À l’inverse, très régulièrement, des chercheur·ses en études culturelles, décoloniales ou de genre sont harcelé·es, agressé·es, évincé·es pour leurs positions académiques et politiques : Nahema Hanafi, maîtresse de conférences en histoire moderne à l’université d’Angers, menacée sur les réseaux sociaux pour son travail de terrain sur des cyber-escrocs d’Afrique de l’Ouest dans une perspective décoloniale et violemment harcelée au sein de la recherche, ou encore Nonna Mayer, cible de « l’Observatoire du décolonialisme et des idéologies identitaires », groupe de chercheurs de droite et d’extrême droite, pour ses travaux sur l’islamophobie et écartée du poste de la présidence de la Fondation nationale des sciences politiques à la succession de Duhamel car jugée trop proche des thèses décoloniales et intersectionnelles.

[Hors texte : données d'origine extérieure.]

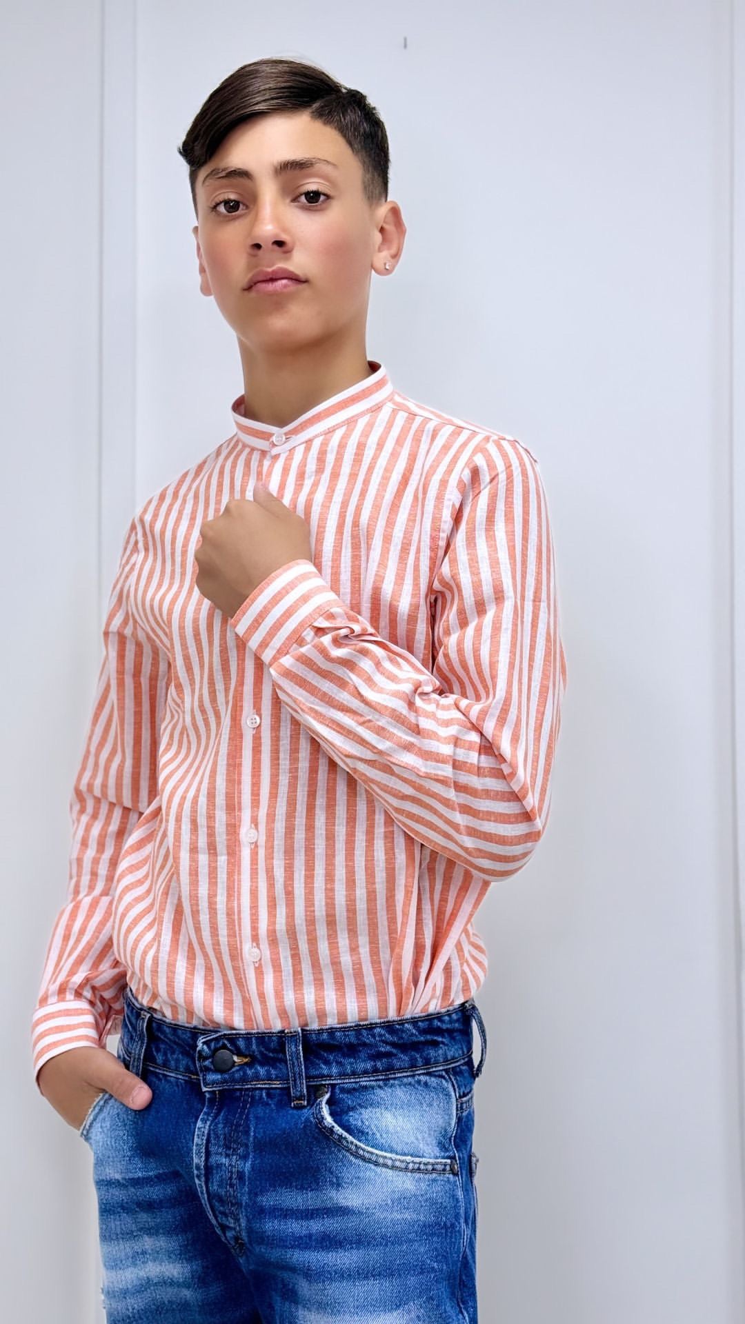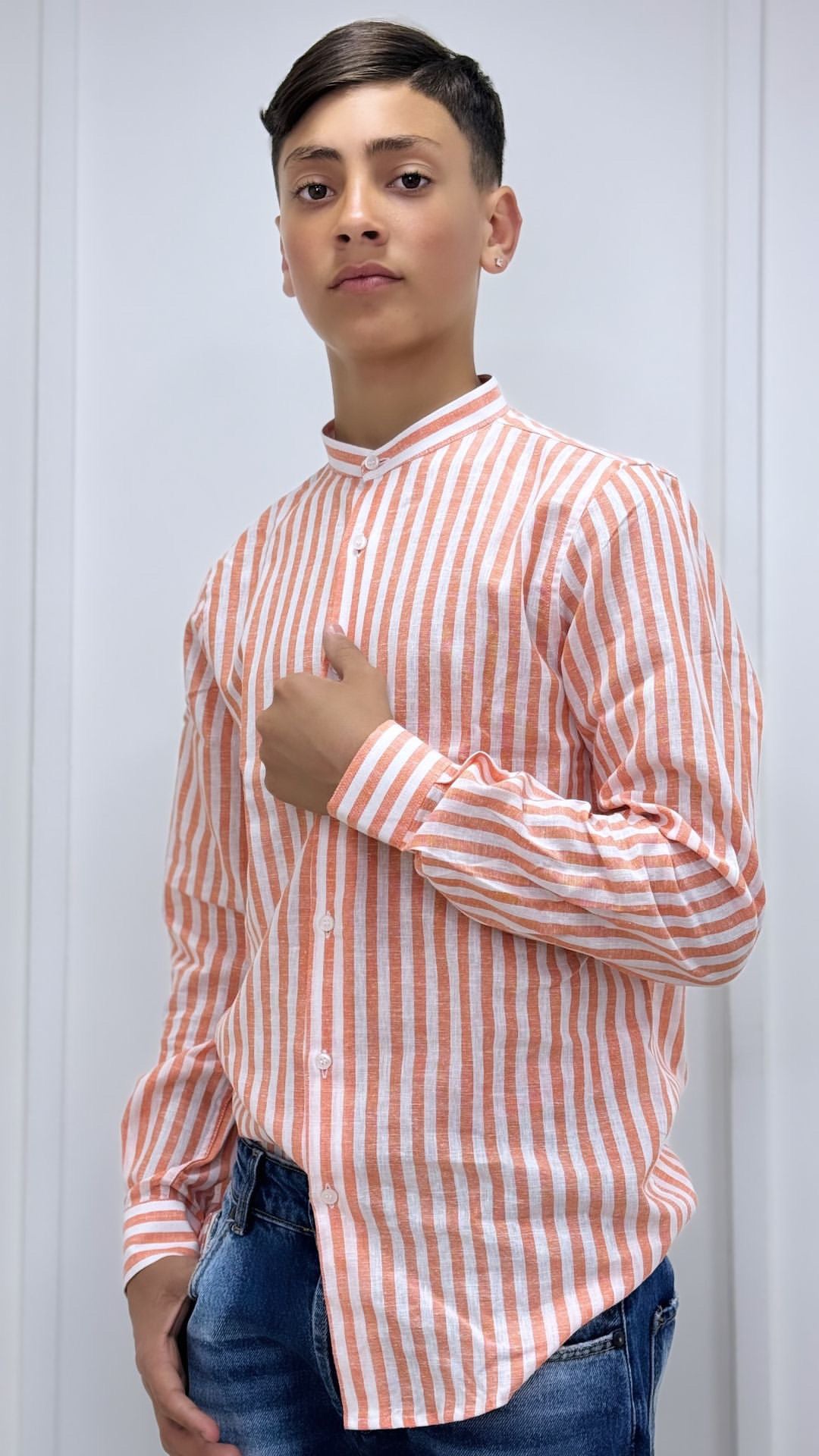 Camicia Bimbo Lino Collo Coreano Rigata Arancione
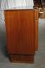 Nussbaum und Nussbaummaser furniert, 1930/40er Jahre, schlichter Korpus mit leicht vorspringender Front, zweitürig, mit Schubkasten, dieser mit klappbarer Front und Inneneinrichtung, originale Glasplatte, normale Alters- und Gebrauchsspuren, mit Schlüssel, Maße 91 x 121 x 50 cm.
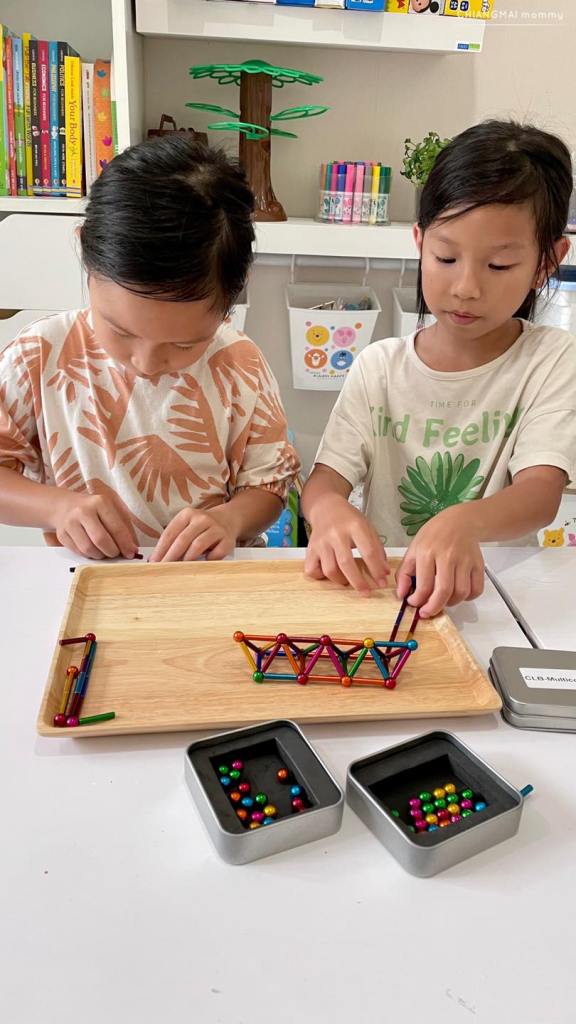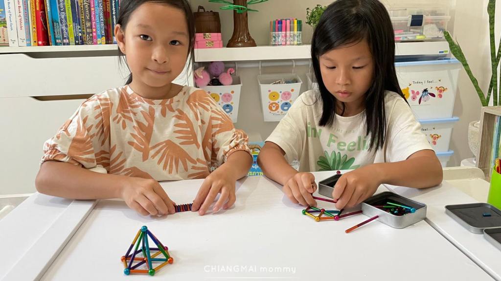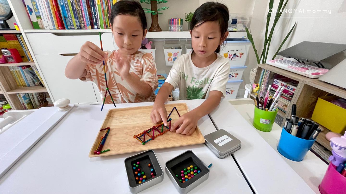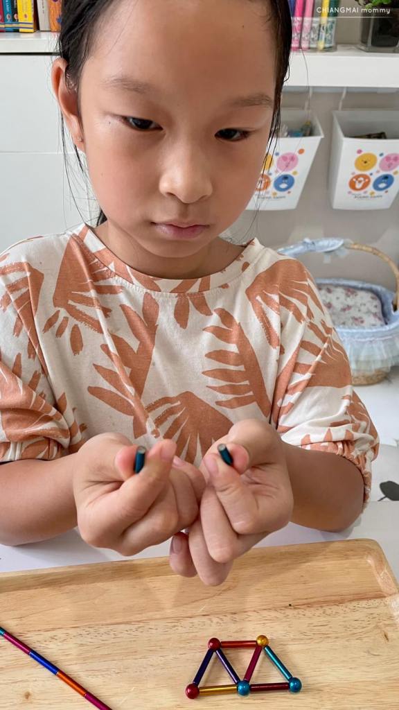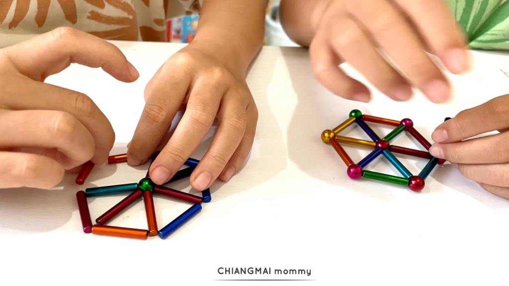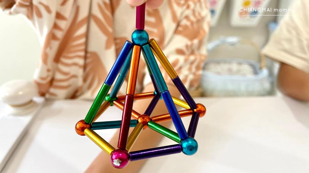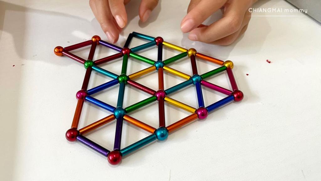 แม่เหล็กชุดนี้เราเอามาฝึกทักษะ STEM เบื้องต้นแม่สอนเรื่องกฏของแม่เหล็กให้ฟัง ขั้วเหนือ-ขั้วใต้ แล้วก็นำมาต่อเป็นรูปทรงเรขาคณิต รูปทรงต่างๆทั้งสองมิติและ 3 มิติ เอาเข้าจริงๆแท่งแม่เหล็กนี่ค่อนข้างเล็ก
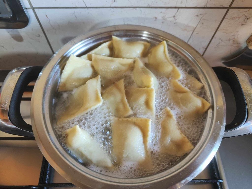 Fahre fort, bis die Füllung aufgebraucht ist (die Teigränder vor dem Austrocknen erneut kneten).
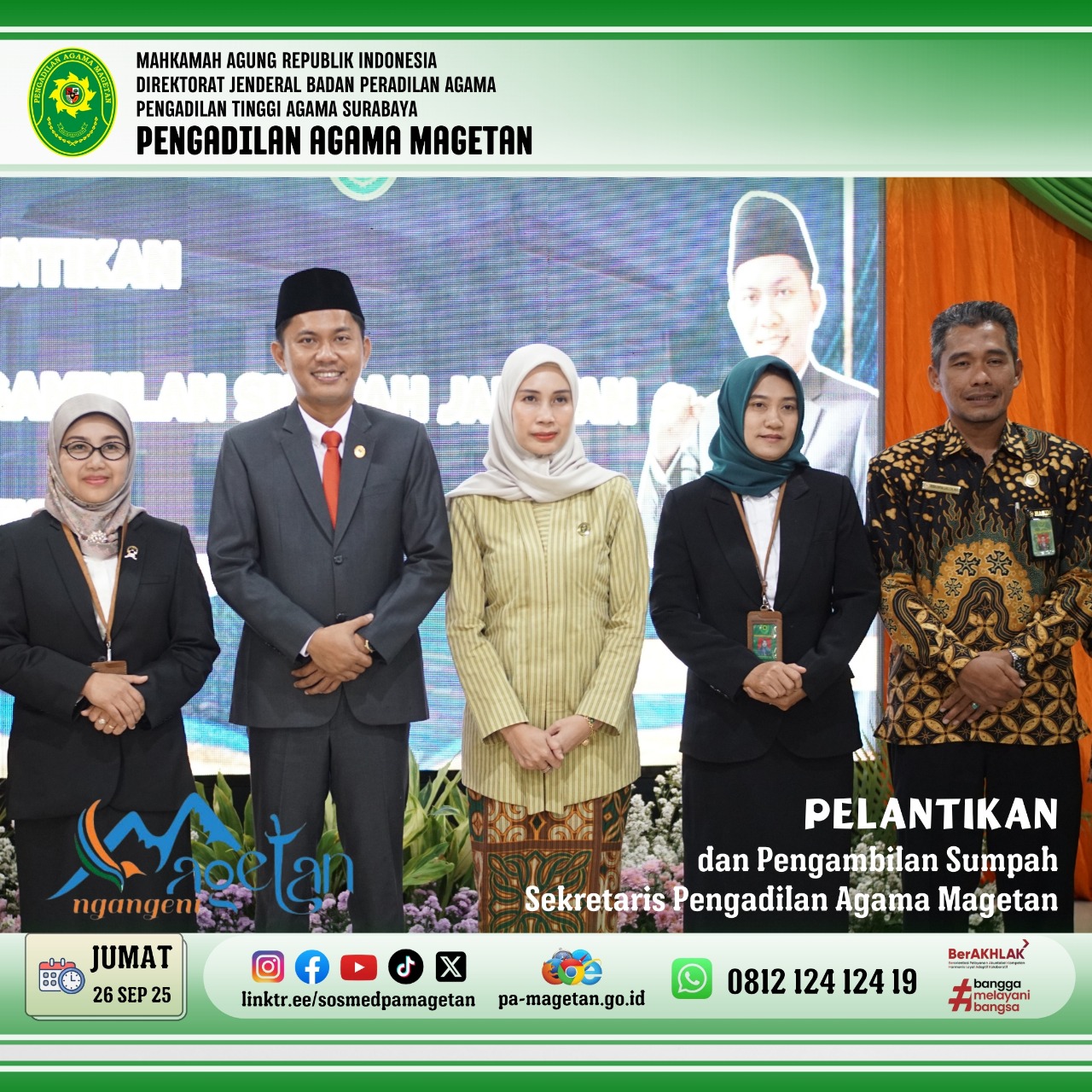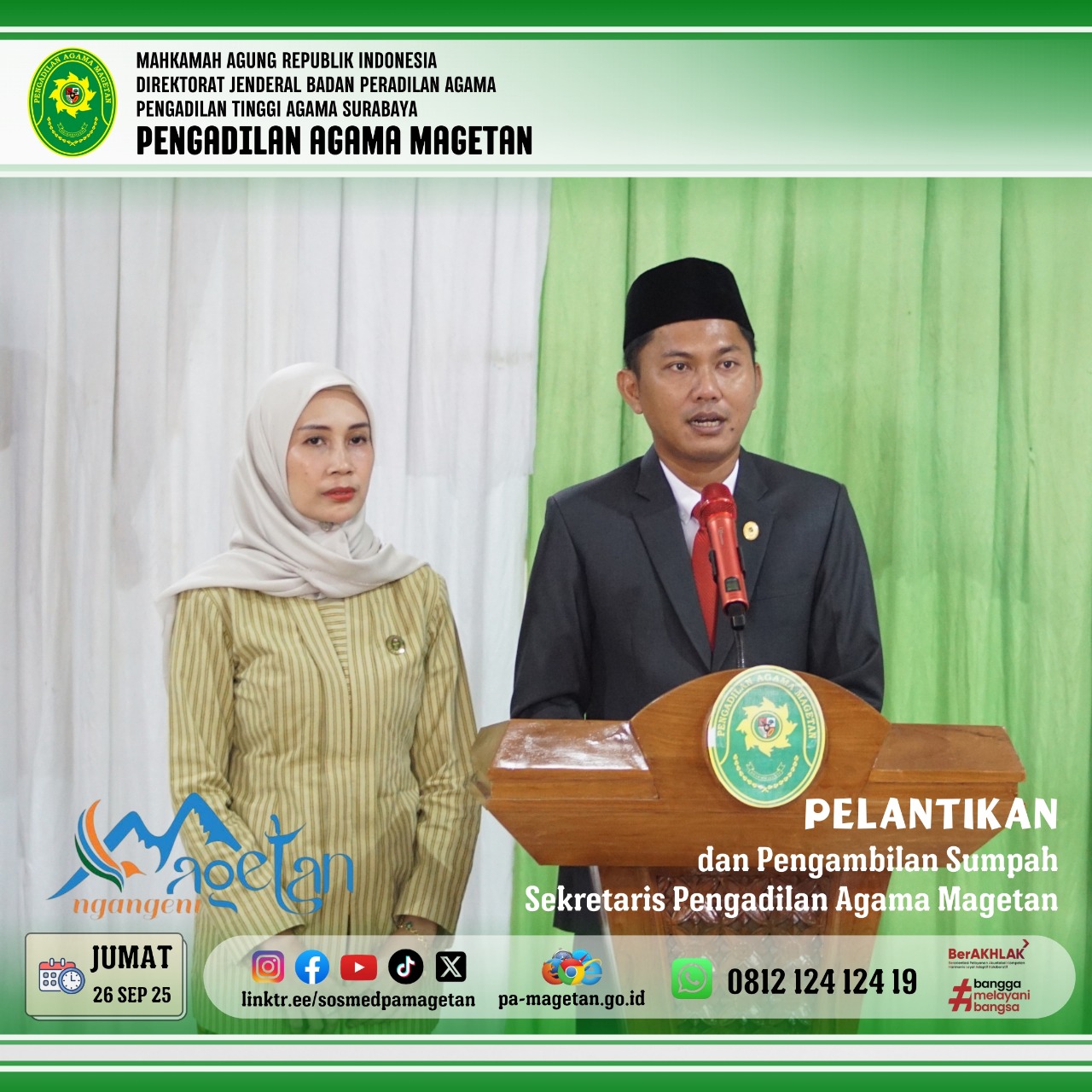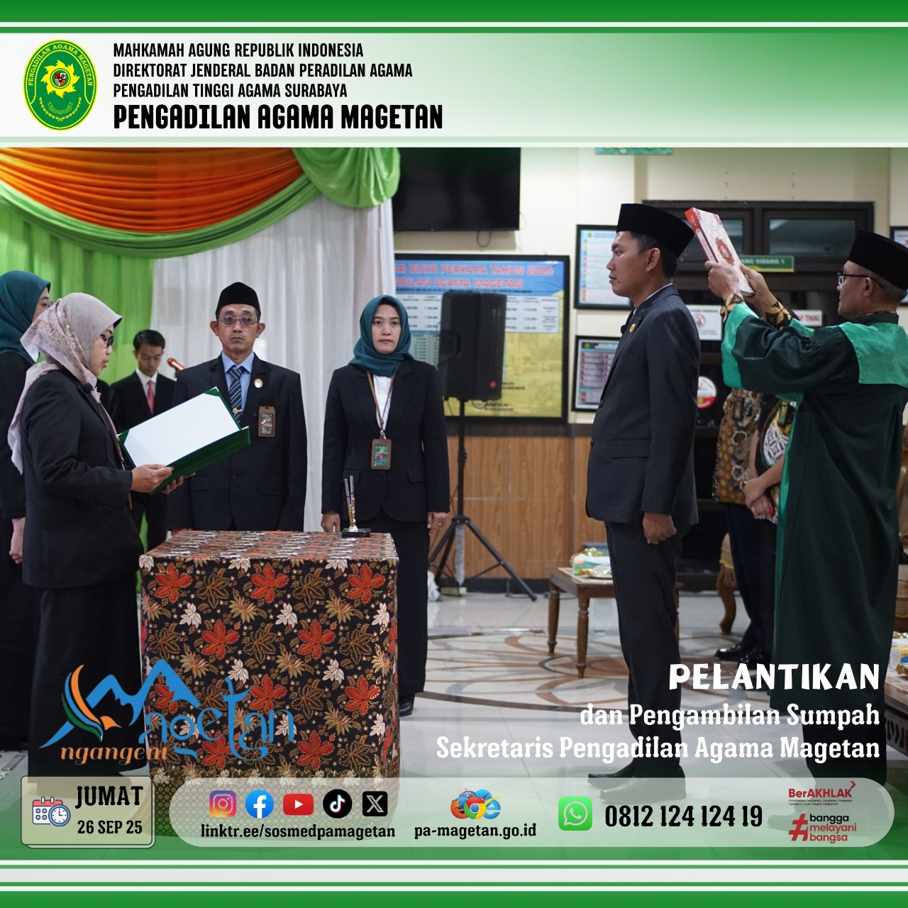 Magetan | pa-magetan.go.id| Pada hari Jumat, tanggal 26 September 2025 pukul 09.00 WIB, Pengadilan Agama Magetan menggelar acara pelantikan Sekretaris baru. Acara ini berlangsung di lingkungan Pengadilan Agama Magetan dengan suasana yang khidmat dan tertib. Bapak Onis Nur Islahi, S.sos., M.M., resmi dilantik sebagai Sekretaris baru oleh Ketua Pengadilan Agama Magetan Ibu Dr. Hermin Sriwulan, S.H.I., S.H., M.H.I.. Pelantikan ini menjadi momentum penting dalam upaya memperkuat kinerja manajemen dan pelayanan di lingkungan peradilan agama.

Les propos de Vidal sur l’islamo-gauchisme ont eu un impact important et grave : depuis, se succèdent harcèlement, violences et menaces redoublées envers certain·es chercheur·ses. Un communiqué de la Commission de géographie féministe du CNFG le 22 mars 2021, en soutien à Rachele Borghi, géographe elle aussi visée par des attaques violentes pour ses travaux sur les questions queers et féministes, le souligne :

« Depuis plusieurs semaines, les propos répétés de Frédérique Vidal, qui prétend que l’université et la recherche publique françaises sont “gangrénées” par un supposé “islamo-gauchisme”, ont déclenché de nombreuses attaques, individuelles et collectives, contre des collègues et leurs travaux. Ces attaques, qui devraient se limiter à des débats d’idées, dérivent dangereusement vers des dénonciations calomnieuses de la part de certaines personnalités universitaires qui se servent des privilèges que leur accordent à la fois leur statut dans le monde académique et leur notoriété liée à la multiplication de prises de parole dans la sphère, pour simuler un débat scientifique alors que dévoyant toute rigueur scientifique. »

L’enjeu est celui-là, Madame Vidal. L’université française est gangrenée par un savoir hégémonique qui refuse de se remettre en question et d’ouvrir des nouveaux champs d’études, elle est gangrenée par les harceleurs moraux et sexuels. Elle est aussi gangrenée par la précarité et la pauvreté étudiante, des réalités violentes au regard desquelles votre déclaration hors-sol est un énième outrage insupportable.